YAZA GİRERKEN BESLENME
Hava bir ısınıyor bir soğuyor bu durum insanın gücünü olumsuz etkiliyor. Bu yorgunluktan kurtulmak için beslenmenin kıymetini gözardı etmemek Tabiatın uyanmasıyla bir arada soğuk havaların mekanını sıcak havalara bırakması, mevsimsel beslenme alışkanlıklarının değişmesi, havanın nem orantısının artması birçoğumuzu güçsüzlük, isteksizlik, uykusuzluk, baş ağrısı üzere belirtiler ile karşı zıdda bırakabiliyor. Bahar yorgunluğu, havadaki elektrik yükü iyonlar taşınırken meydana gelen dengesizliklerle birlikte, dokularımıza ulaşan oksijenin kış aylarına nazaran daha az ölçüde ulaşmasıyla ortaya çıkıyorAlkol, etraf kirliliği, gerilim, haddinden fazla kafein, sigara, sistemsiz beslenme üzere etmenlerin tetiklediği bahar yorgunluğu dikkat edilmez ise yorgunluk ve halsizliğin yanı sıra mide ekşimesi, mide yanması, konsantrasyon bozukluğu, tansiyon yüksekliği, adale ağrıları üzere pek çok farklı sorunu beraberinde getirebiliyor.

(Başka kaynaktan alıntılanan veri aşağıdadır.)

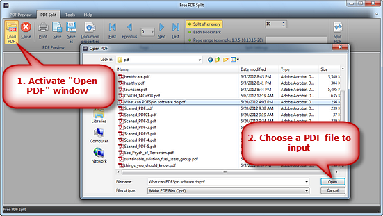 1、导入需要分割PDF文件,单击“加载PDF”选择一个PDF文件并点击“open”输入到PDF拆分窗口。
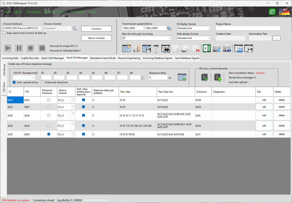In addition to master functionality, the system supports hardware-based LIN slave simulation with memory for up to 64 messages. For each response, an individual response delay can be configured, allowing realistic timing behavior and precise simulation of real LIN nodes. This enables advanced testing scenarios such as ECU integration, robustness testing, and fault analysis.

T üm belirtiler aslında vücudumuzun dış muhite verdiği olağan bir reaksiyondur. Ve sağlıklı bir beslenme planı içerisine ustaca yerleştirilecek küçük püf noktalarıyla bahar yorgunluğuna karşı savaşmak mümkün olabilmektedir.
BAHAR YORGUNLUĞU İLE SAVAŞTA 7 PÜF NOKTASI
1- DÖRT YAPRAKLI YONCA DİYETİNİ YAPIN: Dört yapraklı yonca diyeti, bahar yorgunluğunun üstesinden gelmek için uygulanabilecek en ülkü diyettir. Dört yapraklı yonca diyetinde temel maksat gereksinimimiz olan taze mevsim meyve ve zerzevatları, az yağlı süt ve süt eserleri, rafine edilmemiş tam tahıllılar, et ve et eserlerini sofralara taşıyarak beslenme çeşitliliği oluşturulmuş bir menü tüketmektir.Baharla birlikte kışın alınan kiloları vermek için en sık başvurulan prosedür ekseriyetle az öğün tüketimine dayanan aç kalma diyetleri ya da düşük kalorili tanınan diyetleridir. Meğer yukarıda bahsettiğimiz üzere mevsimle birlikte değişen dengeyi kurmak için çabalayan vücudun gerek kilo vermek, gerek bahar yorgunluğundan kurtulabilmek için aç kalmaya değil sağlıklı beslenme ile doyurulmaya muhtaçlığı vardır.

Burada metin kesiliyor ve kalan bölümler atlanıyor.